In some example embodiments, the memory cell layer 110 may include a VCT-type DRAM device, which includes a bit line, a channel pattern, and a word line. Here, the channel pattern may be formed of or include at least one of single-crystalline silicon, poly-crystalline silicon, oxide semiconductor materials (e.g., InxGayZnzO, InxGaySizO, InxSnyZnzO, InxZnyO, ZnxO, ZnxSnyO, ZnxOyN, ZrxZnySnzO, SnxO, HfxInyZnzO, GaxZnySnzO, AlxZnySnzO, YbxGayZnzO, or InxGayO), two-dimensional materials (e.g., graphene), or a transition metal dichalcogenide (TMD) including a transition metal element (e.g., Mo, W, V, Nb, Ta, or Ti) and a chalcogen element (S, Se, or Te).

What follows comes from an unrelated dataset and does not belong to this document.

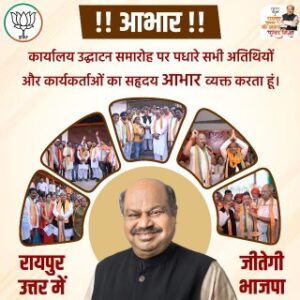 बताते चलें कि रायपुर के सिटी सेंटर मॉल के सामने, एक्सप्रेस हाईवे ढालान, पुराना बस स्टैंड के पास पंडरी स्थित छत्तीसगढ़ वॉच कांप्लेक्स में भाजपा प्रत्याशी पुरंदर मिश्रा का मुख्य चुनाव कार्यालय खोला गया है। कार्यालय के उद्घाटन अवसर पर उत्तर विधानसभा क्षेत्र के लोगों की जोरदार भीड़ उमड़ी।
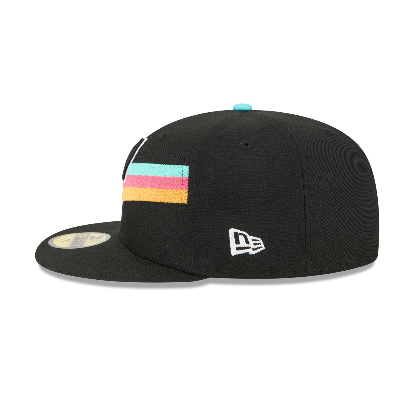 The San Antonio Spurs 2025 City Edition 59FIFTY Fitted Cap features an embroidered Spurs City Edition logo at the front panels with a logo at the right-wear side. Additional details include the NBA Logoman at the rear and a gray undervisor.

The memory cell layer 110 may further include a capacitor CAP. The capacitor CAP may be provided on the second interlayer insulating pattern ILD. The capacitor CAP may include a bottom electrode BE, a dielectric layer DI, a top electrode TE, and an additional electrode AE.
Referring to
Although not shown, supporting patterns (not shown) may be provided between the bottom electrodes BE, which are adjacent to each other. The supporting patterns may connect the adjacent ones of the bottom electrodes BE to each other, and thus, the adjacent ones of the bottom electrodes BE may be supported by the supporting patterns. In an example embodiment, the supporting patterns may not be provided.

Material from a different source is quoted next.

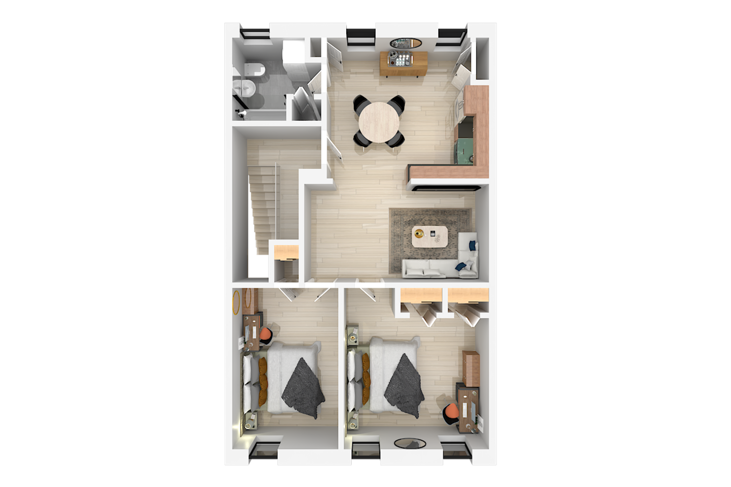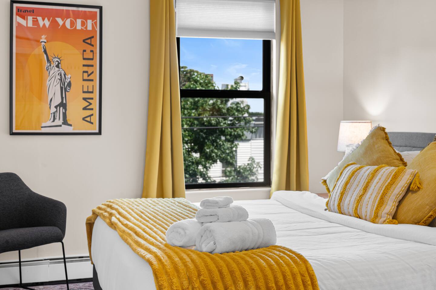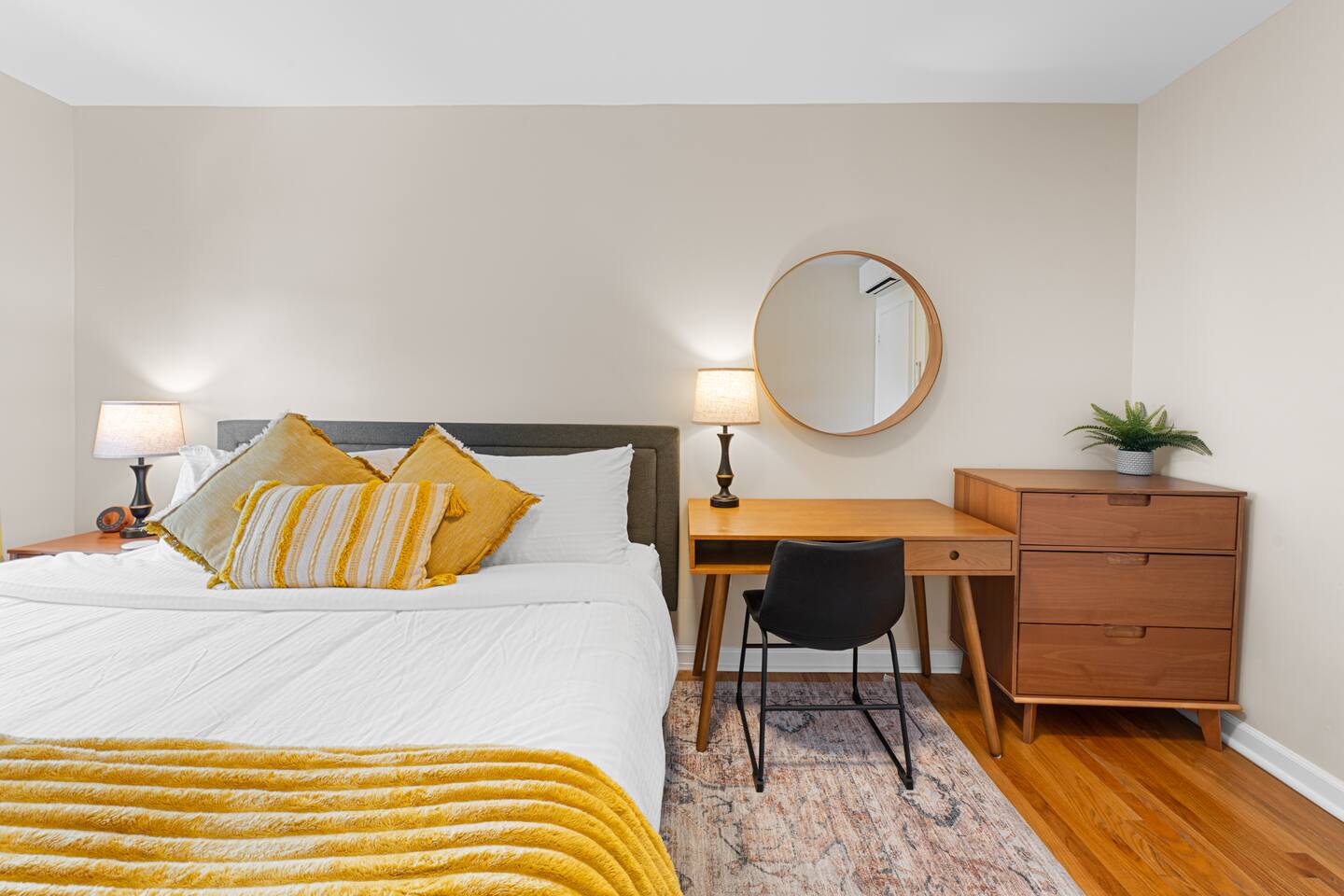 The space - 2 bedroom / 1 bathroom 4th (top) floor apartment - Both bedrooms have KING size beds - Spacious living area, south facing - Smart 55" Roku TV - High speed internet & desks in both bedrooms ideal for remote work - Full size kitchen & dining area (including microwave, refrigerator, sink, oven, stove & basic cooking amenities) - Coffee station, with complimentary starter tea & coffee - Shower/bathtub - In-unit laundry (washing machine & tumble dryer)

The dielectric layer DI may be disposed on the bottom electrodes BE. The dielectric layer DI may conformally cover the bottom electrodes BE. The dielectric layer DI may cover the bottom electrodes BE with a uniform thickness. In the case where the supporting pattern is provided between the bottom electrodes BE, the dielectric layer DI may cover the supporting pattern with a uniform thickness. The dielectric layer DI may include an insulating material. The dielectric layer DI may include a high-k dielectric material. In an example embodiment, the dielectric layer DI may be formed of or include at least one of metal oxide materials (e.g., aluminum oxide (Al2O3)) and may have a single- or multi-layered structure.
The top electrode TE may be disposed on the dielectric layer DI. The top electrode TE may conformally cover the dielectric layer DI. The top electrode TE may cover the dielectric layer DI with a uniform thickness. The top electrode TE may include a semiconductor material. For example, the top electrode TE may be formed of or include SiGe or doped poly silicon and may have a single- or multi-layered structure.
The additional electrode AE may be disposed on the top electrode TE. The additional electrode AE may conformally cover the top electrode TE. In other words, the top electrode TE may be interposed between the dielectric layer DI and the additional electrode AE. An electric conductivity of the additional electrode AE may be higher than an electric conductivity of the top electrode TE. The additional electrode AE may be formed of or include at least one of a metallic material or a conductive metal nitride material. For example, the additional electrode AE may be formed of or include at least one of W, WN, Ti, TiN, Ta, or TaN.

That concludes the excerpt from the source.